**TASK DESCRIPTION:**
Make an exact copy of the entries below with the pictures removed.

**SOURCE INFORMATION:**
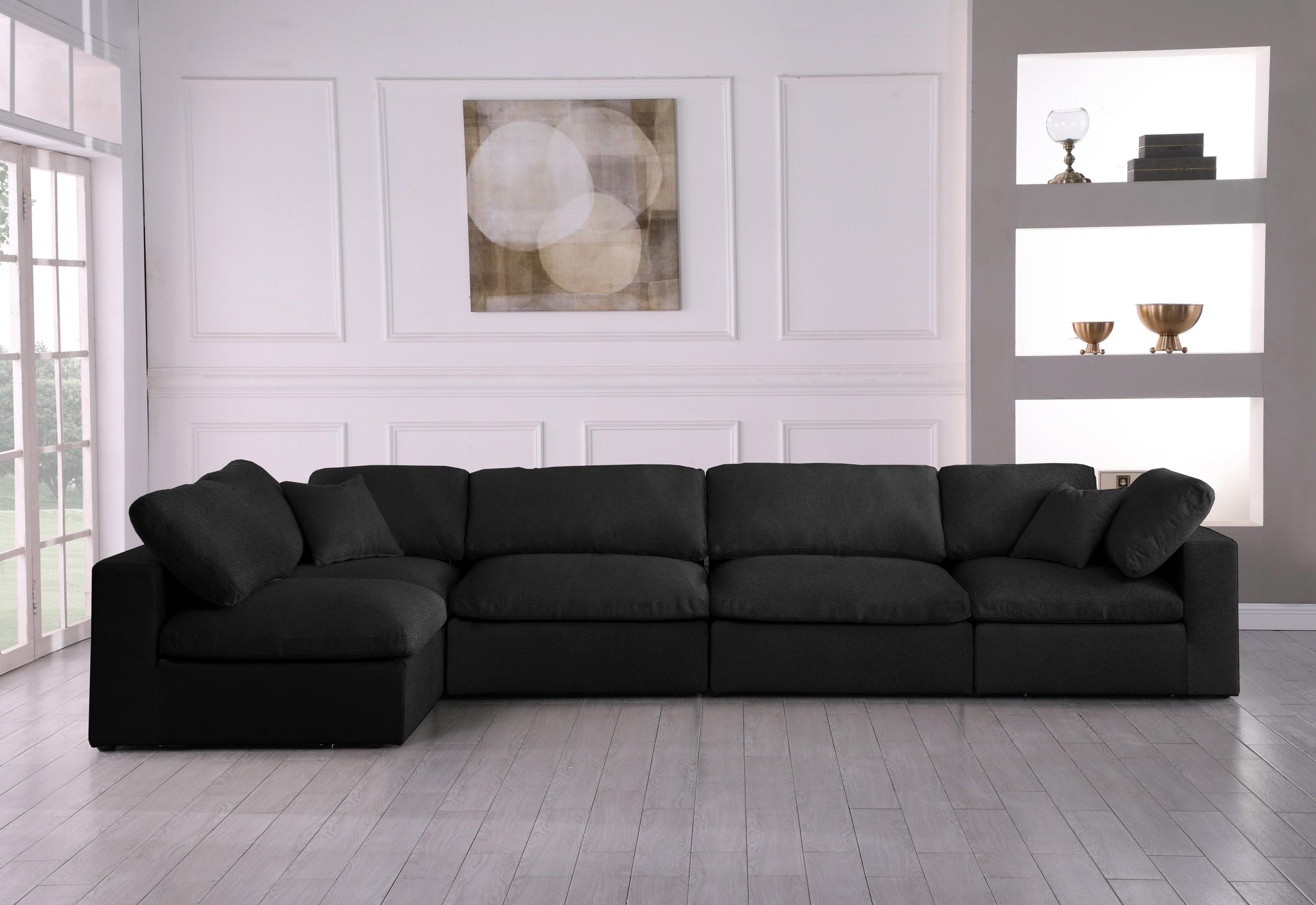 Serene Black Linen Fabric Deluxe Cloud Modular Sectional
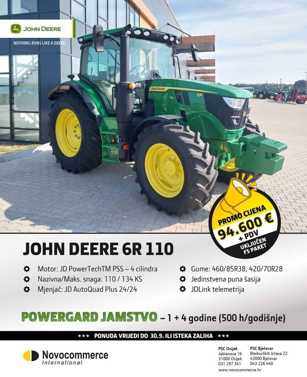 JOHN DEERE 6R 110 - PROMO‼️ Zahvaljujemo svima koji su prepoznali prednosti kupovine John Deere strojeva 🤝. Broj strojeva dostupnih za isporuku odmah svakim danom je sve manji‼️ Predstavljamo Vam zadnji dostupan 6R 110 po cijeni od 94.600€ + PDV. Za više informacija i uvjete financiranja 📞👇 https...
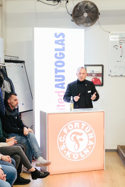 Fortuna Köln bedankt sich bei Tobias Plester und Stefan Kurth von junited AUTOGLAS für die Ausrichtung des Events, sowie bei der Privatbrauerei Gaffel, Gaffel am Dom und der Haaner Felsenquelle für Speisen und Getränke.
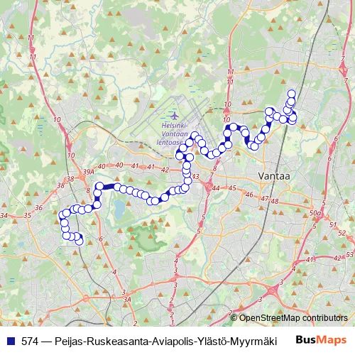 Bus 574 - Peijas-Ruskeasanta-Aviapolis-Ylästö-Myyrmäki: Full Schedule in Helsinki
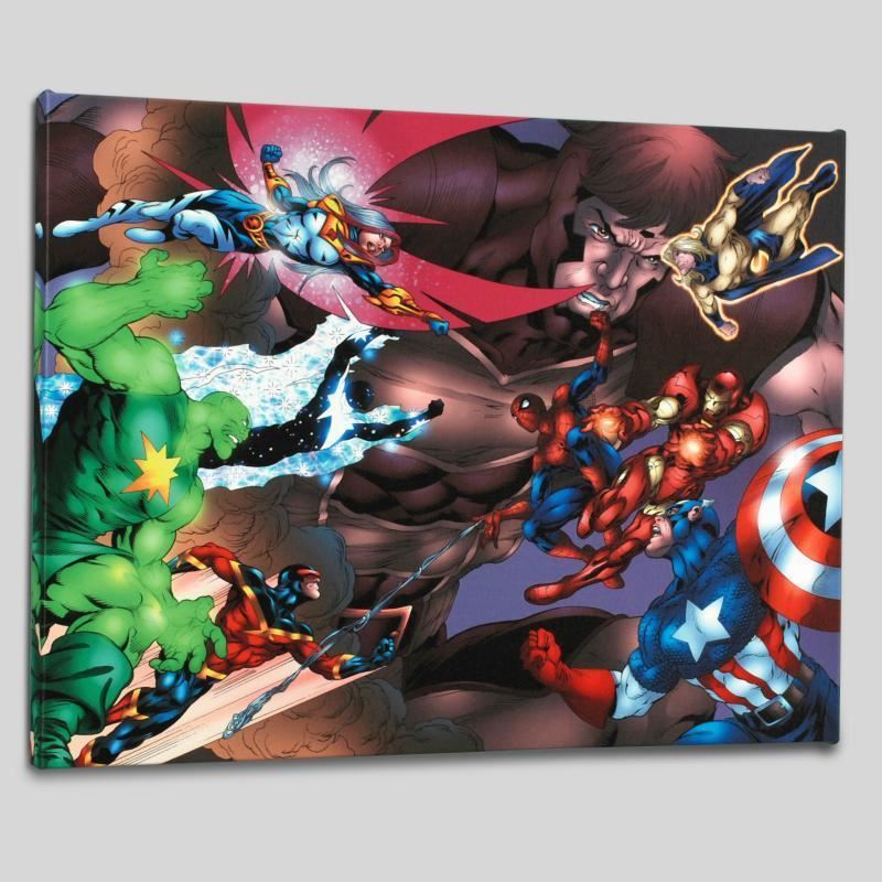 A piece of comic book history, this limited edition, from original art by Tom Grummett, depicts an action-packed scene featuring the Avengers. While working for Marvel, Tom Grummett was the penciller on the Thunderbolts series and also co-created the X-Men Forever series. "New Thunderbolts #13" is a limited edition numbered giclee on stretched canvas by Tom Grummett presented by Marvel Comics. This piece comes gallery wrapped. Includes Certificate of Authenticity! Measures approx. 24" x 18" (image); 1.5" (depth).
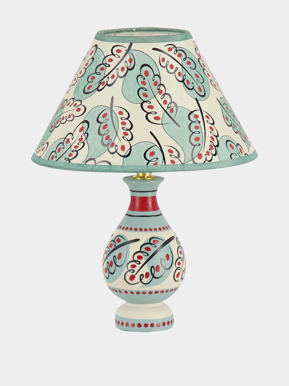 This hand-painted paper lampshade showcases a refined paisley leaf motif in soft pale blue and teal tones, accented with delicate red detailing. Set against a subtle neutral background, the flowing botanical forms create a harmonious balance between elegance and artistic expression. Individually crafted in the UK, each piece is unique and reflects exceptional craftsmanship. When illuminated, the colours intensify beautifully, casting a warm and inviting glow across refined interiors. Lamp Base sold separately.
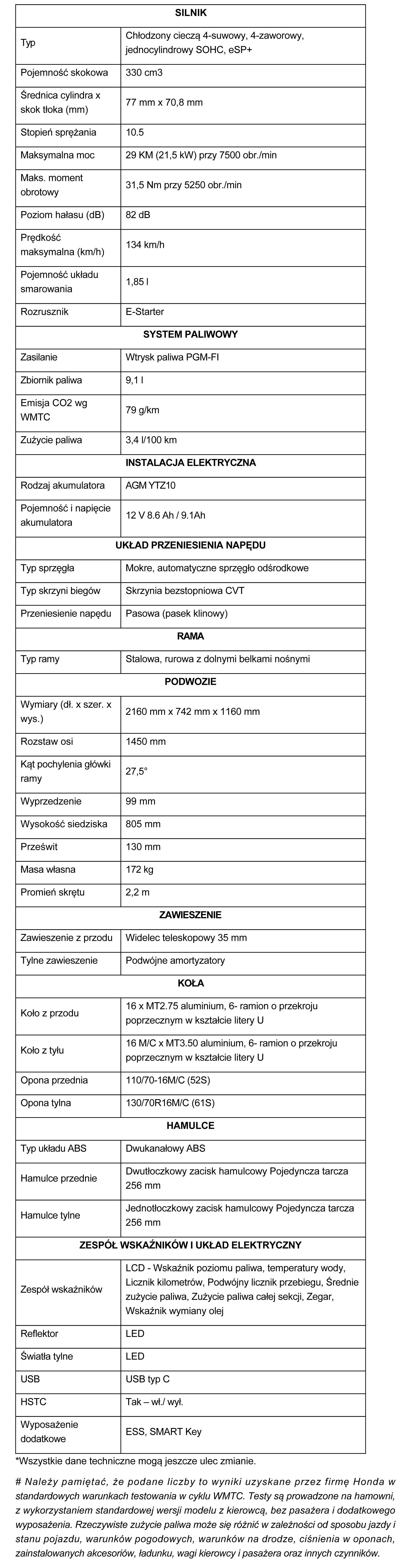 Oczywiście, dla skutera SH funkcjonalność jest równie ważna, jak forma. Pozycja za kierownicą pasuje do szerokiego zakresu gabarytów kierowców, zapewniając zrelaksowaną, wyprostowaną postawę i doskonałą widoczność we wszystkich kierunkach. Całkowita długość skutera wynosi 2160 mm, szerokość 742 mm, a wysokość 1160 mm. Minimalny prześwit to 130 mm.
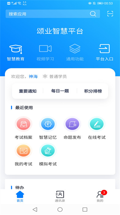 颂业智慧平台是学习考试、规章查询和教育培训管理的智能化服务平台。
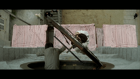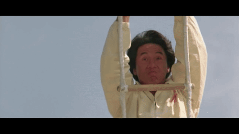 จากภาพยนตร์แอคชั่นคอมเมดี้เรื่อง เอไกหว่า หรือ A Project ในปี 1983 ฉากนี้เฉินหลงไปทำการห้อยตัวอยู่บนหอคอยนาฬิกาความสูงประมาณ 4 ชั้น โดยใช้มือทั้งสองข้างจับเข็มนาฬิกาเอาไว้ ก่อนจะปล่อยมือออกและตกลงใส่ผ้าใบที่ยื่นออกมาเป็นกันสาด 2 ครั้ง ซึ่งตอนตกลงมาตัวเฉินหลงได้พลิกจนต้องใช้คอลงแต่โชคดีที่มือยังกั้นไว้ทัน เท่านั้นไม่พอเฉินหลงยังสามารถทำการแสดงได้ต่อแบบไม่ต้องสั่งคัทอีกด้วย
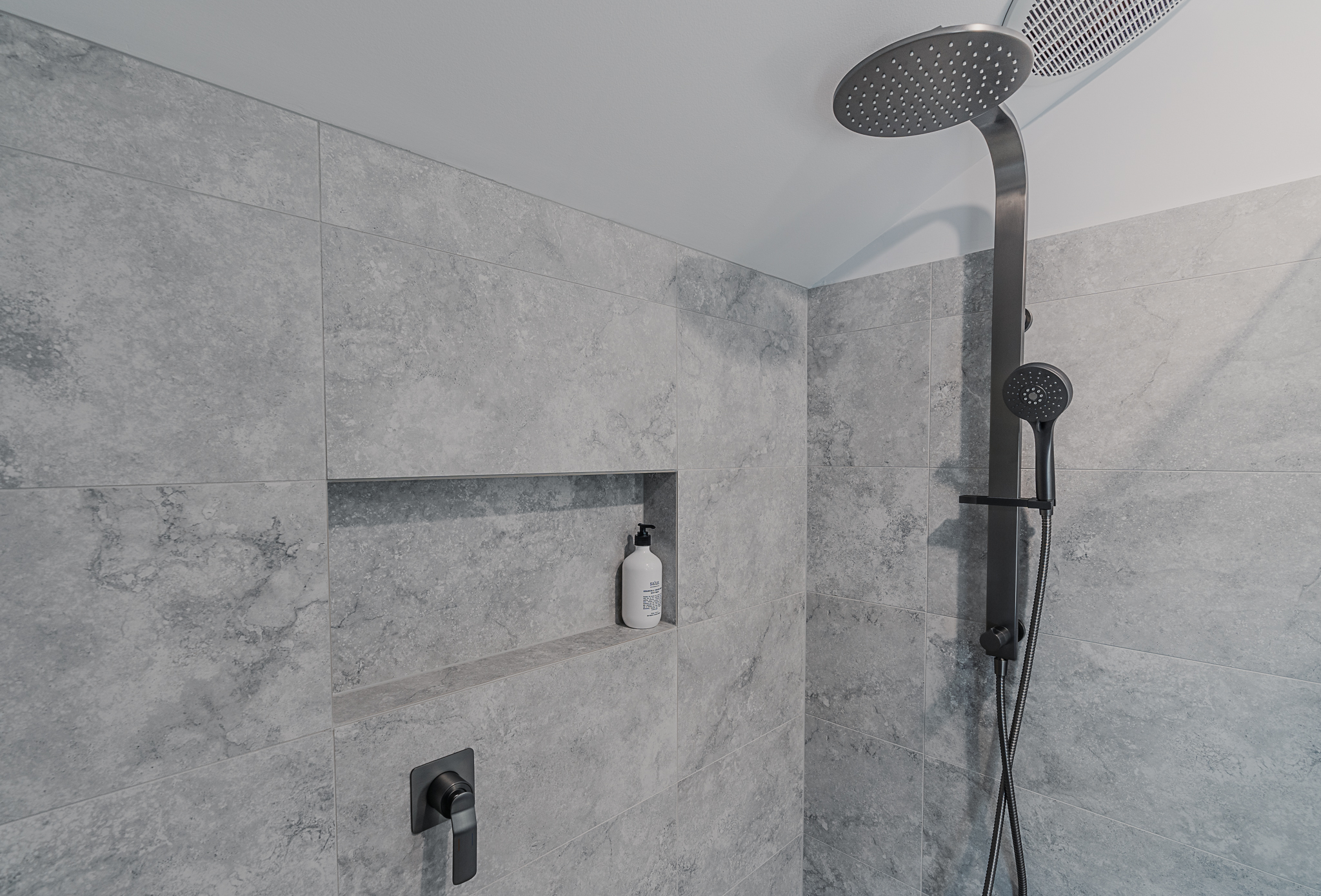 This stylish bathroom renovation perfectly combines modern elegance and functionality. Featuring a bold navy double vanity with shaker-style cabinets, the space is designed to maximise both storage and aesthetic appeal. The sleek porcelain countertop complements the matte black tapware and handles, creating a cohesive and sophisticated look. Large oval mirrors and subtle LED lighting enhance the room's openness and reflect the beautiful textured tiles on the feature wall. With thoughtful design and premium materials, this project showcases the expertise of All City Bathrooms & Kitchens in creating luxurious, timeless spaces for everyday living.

**ANSWER BOX:**
 Serene Black Linen Fabric Deluxe Cloud Modular Sectional
 JOHN DEERE 6R 110 - PROMO‼️ Zahvaljujemo svima koji su prepoznali prednosti kupovine John Deere strojeva 🤝. Broj strojeva dostupnih za isporuku odmah svakim danom je sve manji‼️ Predstavljamo Vam zadnji dostupan 6R 110 po cijeni od 94.600€ + PDV. Za više informacija i uvjete financiranja 📞👇 https...
 Fortuna Köln bedankt sich bei Tobias Plester und Stefan Kurth von junited AUTOGLAS für die Ausrichtung des Events, sowie bei der Privatbrauerei Gaffel, Gaffel am Dom und der Haaner Felsenquelle für Speisen und Getränke.
 Bus 574 - Peijas-Ruskeasanta-Aviapolis-Ylästö-Myyrmäki: Full Schedule in Helsinki
 A piece of comic book history, this limited edition, from original art by Tom Grummett, depicts an action-packed scene featuring the Avengers. While working for Marvel, Tom Grummett was the penciller on the Thunderbolts series and also co-created the X-Men Forever series. "New Thunderbolts #13" is a limited edition numbered giclee on stretched canvas by Tom Grummett presented by Marvel Comics. This piece comes gallery wrapped. Includes Certificate of Authenticity! Measures approx. 24" x 18" (image); 1.5" (depth).
 This hand-painted paper lampshade showcases a refined paisley leaf motif in soft pale blue and teal tones, accented with delicate red detailing. Set against a subtle neutral background, the flowing botanical forms create a harmonious balance between elegance and artistic expression. Individually crafted in the UK, each piece is unique and reflects exceptional craftsmanship. When illuminated, the colours intensify beautifully, casting a warm and inviting glow across refined interiors. Lamp Base sold separately.
 Oczywiście, dla skutera SH funkcjonalność jest równie ważna, jak forma. Pozycja za kierownicą pasuje do szerokiego zakresu gabarytów kierowców, zapewniając zrelaksowaną, wyprostowaną postawę i doskonałą widoczność we wszystkich kierunkach. Całkowita długość skutera wynosi 2160 mm, szerokość 742 mm, a wysokość 1160 mm. Minimalny prześwit to 130 mm.
 颂业智慧平台是学习考试、规章查询和教育培训管理的智能化服务平台。
 จากภาพยนตร์แอคชั่นคอมเมดี้เรื่อง เอไกหว่า หรือ A Project ในปี 1983 ฉากนี้เฉินหลงไปทำการห้อยตัวอยู่บนหอคอยนาฬิกาความสูงประมาณ 4 ชั้น โดยใช้มือทั้งสองข้างจับเข็มนาฬิกาเอาไว้ ก่อนจะปล่อยมือออกและตกลงใส่ผ้าใบที่ยื่นออกมาเป็นกันสาด 2 ครั้ง ซึ่งตอนตกลงมาตัวเฉินหลงได้พลิกจนต้องใช้คอลงแต่โชคดีที่มือยังกั้นไว้ทัน เท่านั้นไม่พอเฉินหลงยังสามารถทำการแสดงได้ต่อแบบไม่ต้องสั่งคัทอีกด้วย
 This stylish bathroom renovation perfectly combines modern elegance and functionality. Featuring a bold navy double vanity with shaker-style cabinets, the space is designed to maximise both storage and aesthetic appeal. The sleek porcelain countertop complements the matte black tapware and handles, creating a cohesive and sophisticated look. Large oval mirrors and subtle LED lighting enhance the room's openness and reflect the beautiful textured tiles on the feature wall. With thoughtful design and premium materials, this project showcases the expertise of All City Bathrooms & Kitchens in creating luxurious, timeless spaces for everyday living.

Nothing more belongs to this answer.